▶ _Requirement_
Please output exactly the part of the records below that opens with the line containing "burst in a rainstorm" and closes with the line containing "Welsh First Minister", both lines included, and nothing else.

▶ _Stored items_
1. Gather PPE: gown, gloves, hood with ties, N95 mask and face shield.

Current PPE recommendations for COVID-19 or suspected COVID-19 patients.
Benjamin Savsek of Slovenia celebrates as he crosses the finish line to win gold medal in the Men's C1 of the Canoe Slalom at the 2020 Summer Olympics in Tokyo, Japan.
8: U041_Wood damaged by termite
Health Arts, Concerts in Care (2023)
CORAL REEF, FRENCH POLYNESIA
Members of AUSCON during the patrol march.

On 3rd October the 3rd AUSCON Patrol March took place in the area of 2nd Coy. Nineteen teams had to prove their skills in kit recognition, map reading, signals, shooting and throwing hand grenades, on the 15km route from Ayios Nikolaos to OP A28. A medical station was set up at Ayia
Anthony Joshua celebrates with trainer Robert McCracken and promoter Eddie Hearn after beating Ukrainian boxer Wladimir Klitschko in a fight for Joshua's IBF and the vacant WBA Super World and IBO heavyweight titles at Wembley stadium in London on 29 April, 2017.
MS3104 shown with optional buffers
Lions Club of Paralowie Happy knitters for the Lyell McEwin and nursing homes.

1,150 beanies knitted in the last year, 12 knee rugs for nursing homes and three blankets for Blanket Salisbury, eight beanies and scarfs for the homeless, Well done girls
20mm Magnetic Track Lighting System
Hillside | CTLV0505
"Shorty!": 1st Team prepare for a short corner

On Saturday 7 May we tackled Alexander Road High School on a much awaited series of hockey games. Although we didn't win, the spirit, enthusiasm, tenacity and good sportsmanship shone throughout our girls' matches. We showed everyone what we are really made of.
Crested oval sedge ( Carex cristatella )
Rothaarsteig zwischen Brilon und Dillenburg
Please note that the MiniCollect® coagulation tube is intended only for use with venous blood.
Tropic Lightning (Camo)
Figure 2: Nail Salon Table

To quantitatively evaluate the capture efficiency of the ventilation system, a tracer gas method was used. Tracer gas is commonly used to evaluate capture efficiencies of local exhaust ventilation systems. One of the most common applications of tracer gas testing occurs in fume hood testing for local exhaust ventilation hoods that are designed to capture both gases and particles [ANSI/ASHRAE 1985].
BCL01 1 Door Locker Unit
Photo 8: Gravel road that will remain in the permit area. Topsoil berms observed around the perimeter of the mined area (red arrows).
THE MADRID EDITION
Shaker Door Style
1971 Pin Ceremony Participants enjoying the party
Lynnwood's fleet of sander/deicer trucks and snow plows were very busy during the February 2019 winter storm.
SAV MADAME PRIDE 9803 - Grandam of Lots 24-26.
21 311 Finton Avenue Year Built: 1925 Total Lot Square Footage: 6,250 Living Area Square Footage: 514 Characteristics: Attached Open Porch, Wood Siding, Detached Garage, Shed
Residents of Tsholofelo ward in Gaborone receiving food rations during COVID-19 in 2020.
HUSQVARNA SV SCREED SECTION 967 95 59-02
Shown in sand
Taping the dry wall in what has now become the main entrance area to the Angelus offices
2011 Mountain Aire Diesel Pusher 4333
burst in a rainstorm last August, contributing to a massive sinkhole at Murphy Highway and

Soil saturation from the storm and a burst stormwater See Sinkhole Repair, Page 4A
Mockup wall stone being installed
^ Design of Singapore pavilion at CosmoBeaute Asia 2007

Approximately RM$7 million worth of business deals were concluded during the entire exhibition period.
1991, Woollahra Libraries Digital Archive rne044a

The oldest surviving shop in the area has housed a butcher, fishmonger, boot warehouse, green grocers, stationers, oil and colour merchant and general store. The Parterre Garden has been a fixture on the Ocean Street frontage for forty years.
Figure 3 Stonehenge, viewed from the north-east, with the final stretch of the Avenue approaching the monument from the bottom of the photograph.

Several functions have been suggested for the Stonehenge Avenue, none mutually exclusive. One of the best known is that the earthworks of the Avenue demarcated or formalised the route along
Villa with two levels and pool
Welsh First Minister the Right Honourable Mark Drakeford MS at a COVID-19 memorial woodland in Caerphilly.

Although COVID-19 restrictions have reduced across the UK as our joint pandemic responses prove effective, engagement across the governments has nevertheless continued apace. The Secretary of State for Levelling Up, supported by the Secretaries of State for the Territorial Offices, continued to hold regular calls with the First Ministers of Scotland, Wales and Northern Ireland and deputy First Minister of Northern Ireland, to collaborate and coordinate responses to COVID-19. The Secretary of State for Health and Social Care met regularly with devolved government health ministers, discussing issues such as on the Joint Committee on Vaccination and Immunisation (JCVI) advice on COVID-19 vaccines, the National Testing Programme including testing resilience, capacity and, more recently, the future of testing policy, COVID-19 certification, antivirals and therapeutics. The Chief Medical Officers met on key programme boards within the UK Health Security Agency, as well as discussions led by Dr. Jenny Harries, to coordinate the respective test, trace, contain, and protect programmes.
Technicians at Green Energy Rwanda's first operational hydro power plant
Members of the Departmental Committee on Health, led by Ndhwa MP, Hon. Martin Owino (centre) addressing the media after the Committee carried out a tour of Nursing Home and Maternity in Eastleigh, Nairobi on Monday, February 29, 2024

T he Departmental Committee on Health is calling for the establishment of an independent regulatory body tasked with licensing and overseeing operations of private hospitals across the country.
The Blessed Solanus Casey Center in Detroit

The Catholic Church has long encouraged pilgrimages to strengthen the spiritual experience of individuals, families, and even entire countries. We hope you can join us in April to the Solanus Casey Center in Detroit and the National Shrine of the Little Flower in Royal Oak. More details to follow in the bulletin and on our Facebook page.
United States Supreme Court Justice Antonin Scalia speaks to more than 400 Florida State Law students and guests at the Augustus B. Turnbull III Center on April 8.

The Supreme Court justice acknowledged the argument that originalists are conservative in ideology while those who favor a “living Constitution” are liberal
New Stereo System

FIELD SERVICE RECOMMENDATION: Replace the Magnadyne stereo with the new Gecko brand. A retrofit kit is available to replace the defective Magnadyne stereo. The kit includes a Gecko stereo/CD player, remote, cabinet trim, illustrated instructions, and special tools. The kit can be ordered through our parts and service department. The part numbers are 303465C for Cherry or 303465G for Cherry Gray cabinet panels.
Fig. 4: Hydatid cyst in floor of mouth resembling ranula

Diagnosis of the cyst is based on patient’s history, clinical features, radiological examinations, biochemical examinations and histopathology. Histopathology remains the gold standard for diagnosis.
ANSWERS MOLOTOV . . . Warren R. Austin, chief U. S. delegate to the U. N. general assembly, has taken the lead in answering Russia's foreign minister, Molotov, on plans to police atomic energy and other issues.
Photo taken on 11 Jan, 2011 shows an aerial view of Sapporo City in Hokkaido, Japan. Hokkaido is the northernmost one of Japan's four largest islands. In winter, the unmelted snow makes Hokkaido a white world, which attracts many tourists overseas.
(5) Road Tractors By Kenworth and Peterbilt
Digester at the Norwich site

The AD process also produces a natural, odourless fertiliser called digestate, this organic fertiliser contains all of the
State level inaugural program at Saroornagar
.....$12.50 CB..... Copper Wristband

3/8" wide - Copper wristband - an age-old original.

▶ _Reply_
burst in a rainstorm last August, contributing to a massive sinkhole at Murphy Highway and

Soil saturation from the storm and a burst stormwater See Sinkhole Repair, Page 4A
Mockup wall stone being installed
^ Design of Singapore pavilion at CosmoBeaute Asia 2007

Approximately RM$7 million worth of business deals were concluded during the entire exhibition period.
1991, Woollahra Libraries Digital Archive rne044a

The oldest surviving shop in the area has housed a butcher, fishmonger, boot warehouse, green grocers, stationers, oil and colour merchant and general store. The Parterre Garden has been a fixture on the Ocean Street frontage for forty years.
Figure 3 Stonehenge, viewed from the north-east, with the final stretch of the Avenue approaching the monument from the bottom of the photograph.

Several functions have been suggested for the Stonehenge Avenue, none mutually exclusive. One of the best known is that the earthworks of the Avenue demarcated or formalised the route along
Villa with two levels and pool
Welsh First Minister the Right Honourable Mark Drakeford MS at a COVID-19 memorial woodland in Caerphilly.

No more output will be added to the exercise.